My quickly hacked-together solution is this script which uses a RSS/Atom-parser I took from WordPress, which means that the script is licensed under the GNU GPL (as the parser is).

I’m calling it from a cron-job once per 30 minutes (that’s why the built-in cache is disabled on this configuration) to generate the OPML-file sorted by the individual feeds update time stamp.

That OPML-file then is fed into the serendipity plugin.

The only problem I now have is that the list is unfairly giving advantage to the aggregated feeds as these are updated much more often than individual persons blogs. In the future I will thus either create a penalty for these feeds, remove them from the list or just plain show more feeds on the page.

Still, this was a fun hack to do and fulfills its purpose. Think of it: Whenever I add a feed in either Net News Wire or FeedeDemon, it will automatically pop up on the blogroll on gnegg.ch – this is really nice.

On a side note: I could have used the Newsgator API to get the needed information faster and probably even without parsing the individual feeds. Still, I went the OMPL-way as that’s an open format making the script useful for other people or for me should I ever change the service.

PHP Stream Filters

You know what I want? I want to append one of those nice and shiny PHP stream filters to the output stream.

I have this nice windows-application that recives a lot of XML-data that can be compressed with a very high compression factor. And as the windows application is for people with very limited bandwith, this seems to be the perfect thing to do.

You know, I CAN compress all my output already. By doing something like this:

<?php
ob_start();
echo "stuff";
$c = ob_get_clean();
echo bzcompress($c);
?>

The problem with this approach is that the data is only sent to the client once it’s assembled completely. bzip2 on the other hand is a stream compressor that is very well able to compress a stream of data and send it out as soon as a chunk is ready.

The windows client on the reciving end is certainly capable of doing that. As soon as bytes come in, it decompresses it chunk-wise and feeds it to a Expat based parser which will handle the extracted data. Now I want this to happen on the sending side aswell.

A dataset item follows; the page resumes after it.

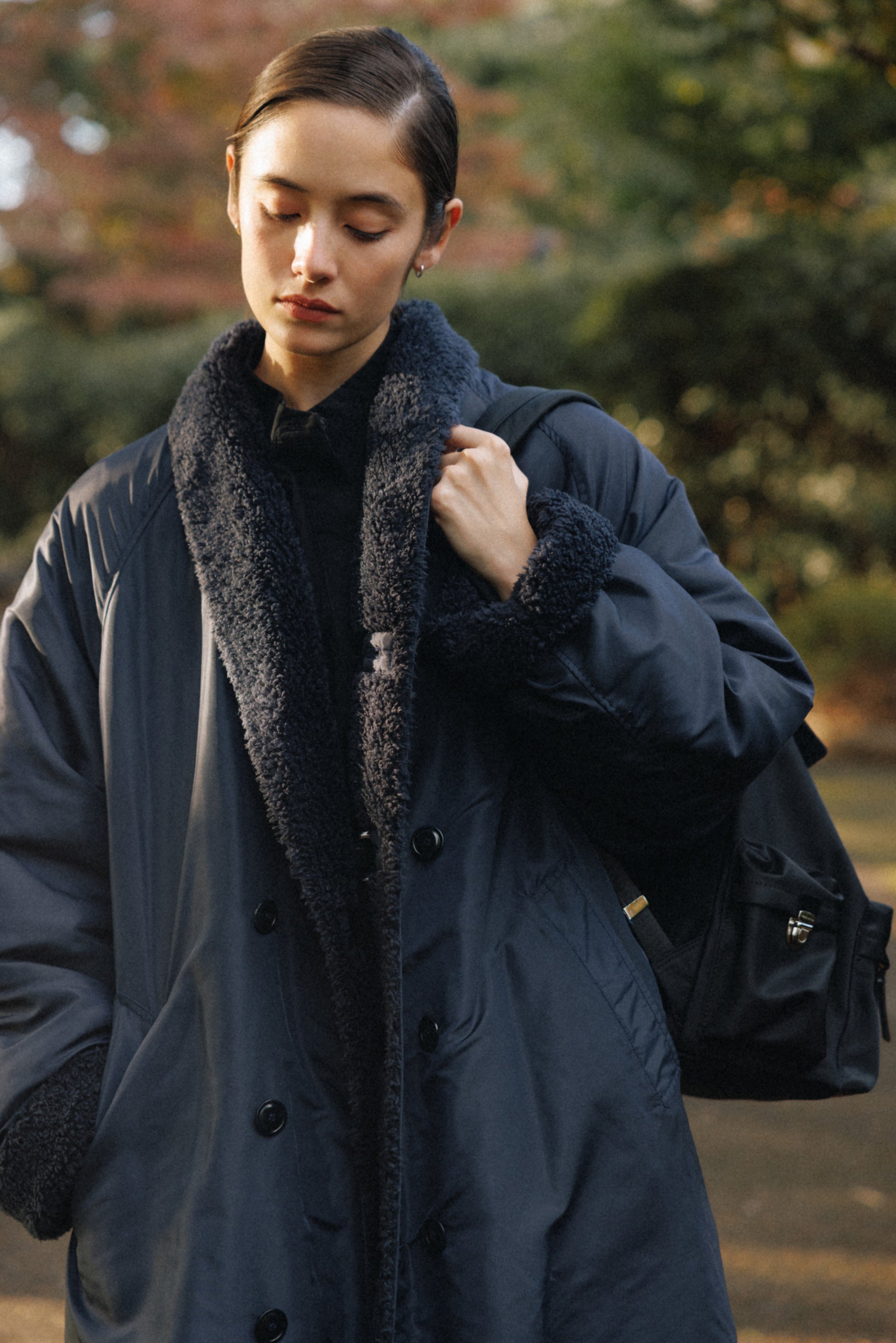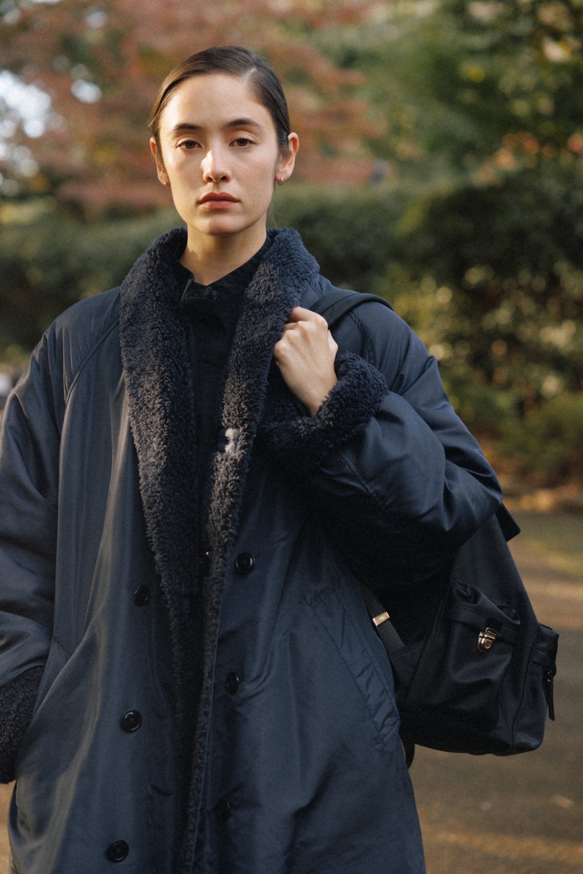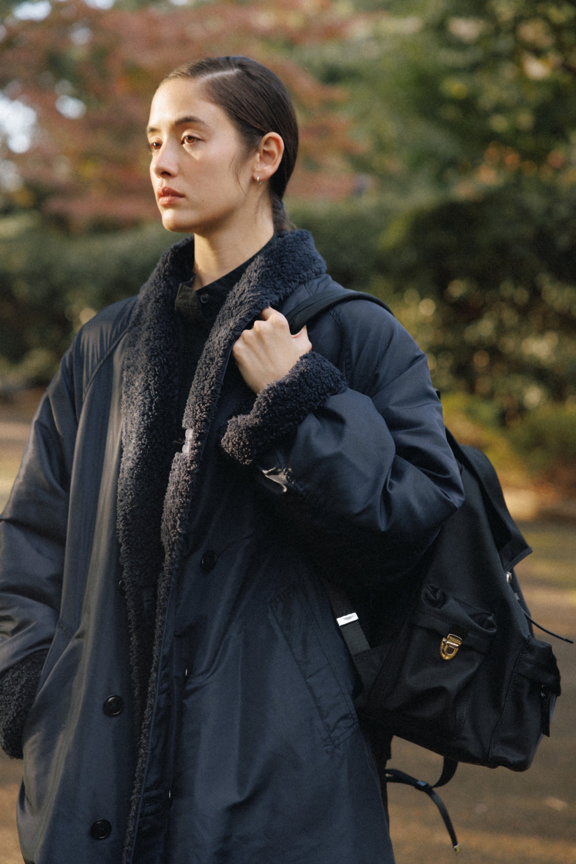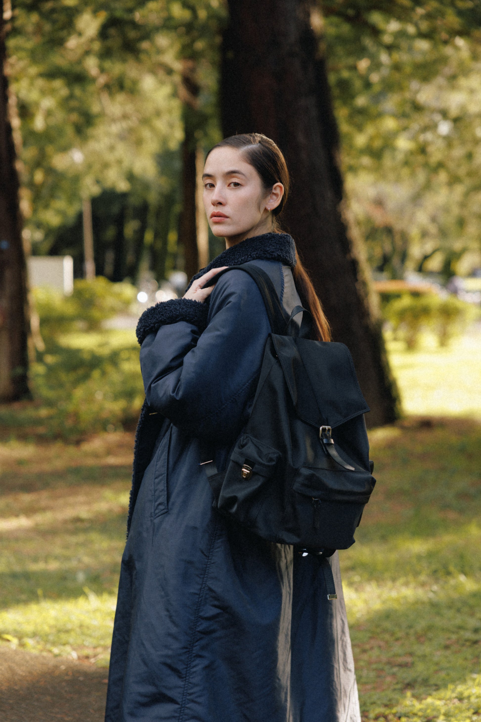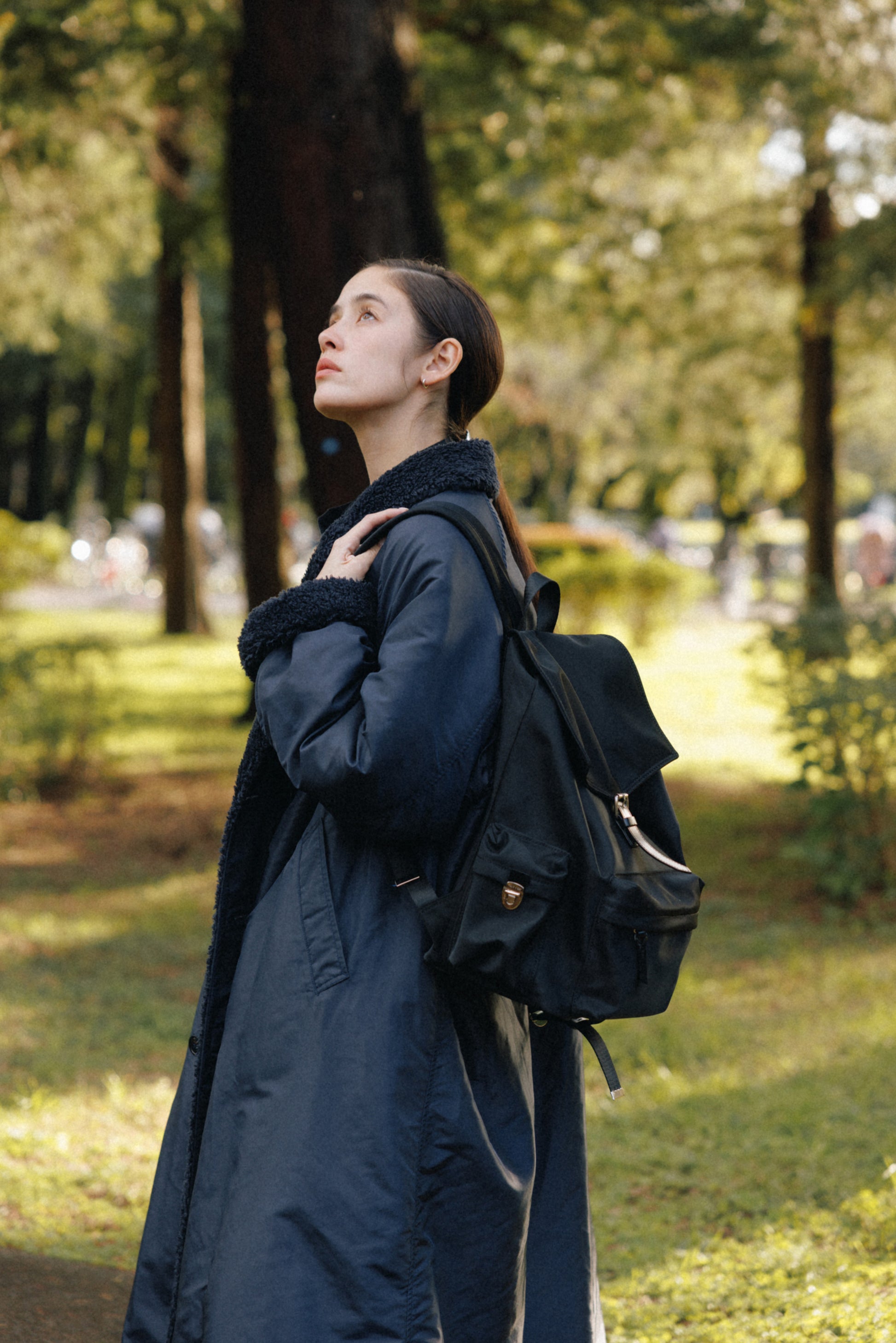 背面とショルダーストラップにはパッドを入れて負担を軽減し、上部にはシーンに応じて手持ちできるようレザーハンドルをあしらっています。

The following code does work sometimes:

<?php
  $fh = fopen('php://stdout', 'w');
  stream_filter_append($fh, 'bzip2.compress', STREAM_FILTER_WRITE, $param);
  fwrite($fh, "Stuff");
  fclose($fh);
?>

But sometimes it doesn’t and produces a incomplete bzip2-stream.

I have a certain idea of why this is happening (no sending out of data to the filter on shutdown), but I can’t prevent it. Sometimes the data is not put out which makes this method unusable.

I’m afraid to report this to bugs.php.net as I’m sure it’s something PHP was not designed for and it’ll get marked as BOGUS faster than I can spell ‘gnegg’.

So this means that the windows-client just has to wait for the data being extracted, converted to xml and compressed.

*sigh*

(thinking of it, there may be this option of outputting data to a temp-file (to which handle a filter is assigned to) and the read it out to the browser immediately afterwards. But come on, this can’t be the solution, can it?)

Update: I’ve since tracked the problem to a bug in PHP itself for which I found a fix. My assumption of writing to a temporary file could help was wrong as PHP itself does not check the return value of a bzlib function correctly and never writes out a half-full buffer on stream close. Neither to the output stream nor to a file.

mp3act

When you have a home server, sooner or later your coworkers and friends (and if all is well even both in one person ;-) ) will want to have access to your library

Cablecom, my ISP, has this nice 6000/600 service, so there’s plenty of upstream for others to use in principle. And you know: Here in Switzerland, the private copy among friends is still legal.

Well, last sunday it was time again. Richard wanted access to my large collection of audiobooks and if you know me (and you do as a reader of this blog), you’ll know that I can’t just give him those files on a DVD-R or something. No. A webbased mp3-library had to be found.

Last few times, I used Apache::MP3, but that grew kinda old on me. You know: It’s a perl module and my home server does not have mod_perl installed. And I’m running Apache 2 for which Apache::MP3 is not ported yet AFAIK. And finally, I’m far more comfortable with PHP, so I wanted something written in that language so I could make a patch or two on my own.

I found mp[3]actmp3act which is written in PHP and provides a very, very nice AJAX based interface. Granted. It breaks the back-button, but everything else is very well done

And it’s fast. Very fast.

Richard liked it and Christoph is currently trying to install it on his windows server, not as successful as he wants to be. mp3act is quite Unix-Only currently.

The project is in an early state of developement and certainly has a rough end here and there, but in the end, it’s very well done, serves its need and is even easily modifiable (for me). Nice.

Once more: PHP and SOAP

I can’t reist: I made my third attempt at getting a SOAP-Server in PHP to work (I only documented my first try here on the blog).

My first try was a little more than two years ago. That one failed miserably.

The next try was last november. I came somewhat further than I did my first time, but Visual Studio was unable to import the WSDL correctly as soon as I was passing arrays of structs around

And now I tried again – this time with PEAR SOAP 0.9.1

This time all looks so much better. First of all, I do this because I really have to: For one of our PopScan customers, we are accessing their IBM DB2 database – currently using a Perl-based server that’s nearing the end of its maintainability, so I deceided to redo it with PHP (PHP-code is somewhat cleaner than Perl code and I’m more fluent in PHP than in Perl)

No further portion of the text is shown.